(1) Field of the Invention
The invention relates to high-speed underwater vehicles and is directed more particularly to supercavitating vehicles that move in a cushion of air underwater, and to an on-board assembly and method for measurement of the speed of the vehicle through a water environment.
(2) Description of the Prior Art
Recent investigations into high speed underwater vehicles have focused attention on providing vehicles that ride in a cushion of air to achieve high speeds in water. For a nominal prior art streamlined, fully wetted underwater vehicle, 70% of the overall drag is skin friction drag, the remainder is pressure or blockage drag. Supercavitation allows for much higher speeds to be sustainable by eliminating, or at least substantially reducing, skin friction drag. The conditions for supercavitation require that enough energy be put into the water to vaporize a given volume of water through which the vehicle travels. This is done by accelerating fluid over a sharp edge, usually the nose of a vehicle, such as a torpedo, so that the pressure drops below the vapor pressure of water. If the speed of the object is not fast enough to travel through the vapor cavity before the cavity collapses, artificial ventilation into the cavity can keep the cavity “open” until the object moves past. When a cavity completely encapsulates an object, by vaporous and/or vented cavitation, it is referred to as “supercavitation”. The vehicle nose, or “cavitator”, and aft control surfaces, are the only parts of the vehicle in constant contact with the water through which the vehicle travels. The cavity closure typically is positioned just forward of the aft control surfaces.
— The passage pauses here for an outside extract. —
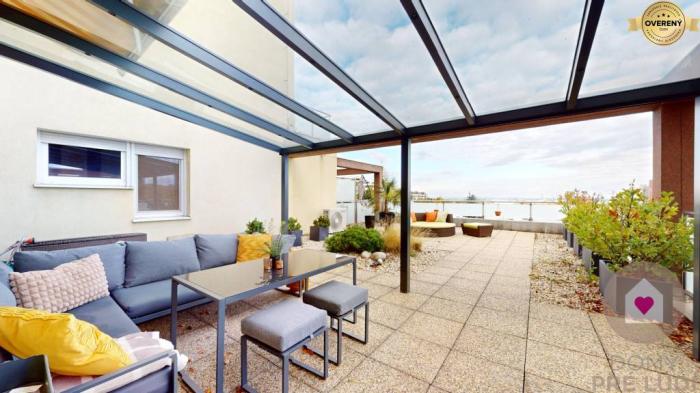 Byt disponuje vonkajšími žalúziami, terasou s protišmykovou mrazuvzdornou dlažbou a parkovaním na vlastných vyhradených garážových státiach odkiaľ sa do bytu dostanete suchou nohou. Benefitom je aj uzamykateľná pivničná kobka priamo na poschodí vedľa bytu ako ďalšia alternatíva úložného priestoru.

A supercavitating vehicle achieves high speed by minimizing the wetted contact area. The entire vehicle, with the exception of the cavitator and the aft control surfaces, is not in contact with the water through which the vehicle moves. The optimal use of this small wetted contact area presents problems with respect to cavity formation means and vehicle control systems, all of which must be disposed in this limited space. Traditional homing systems require surface space in order to function. However, in supercavitating vehicles, the use of the cavitator surface as a velocity sensor is impractical. Further, the lack of wetted contact areas means traditional methods of using dynamic fluid pressure for determining speed are not practical. In as much as supercavitating vehicle technology is in its early stages of development, a complete understanding of vehicle propulsion and hydrodynamics is insufficient to determine vehicle velocity from on-board sensing of fuel consumption, ventilation gas flow rates, and the like.
Accordingly, there is a need for a sensor assembly and method for determining the speed of a supercavitating underwater vehicle, as the vehicle travels through water. There is further a need for such an assembly as can be carried on-board the vehicle.
There is similarly a need for a method for determining the speed of the vehicle through water, using on-board sensors.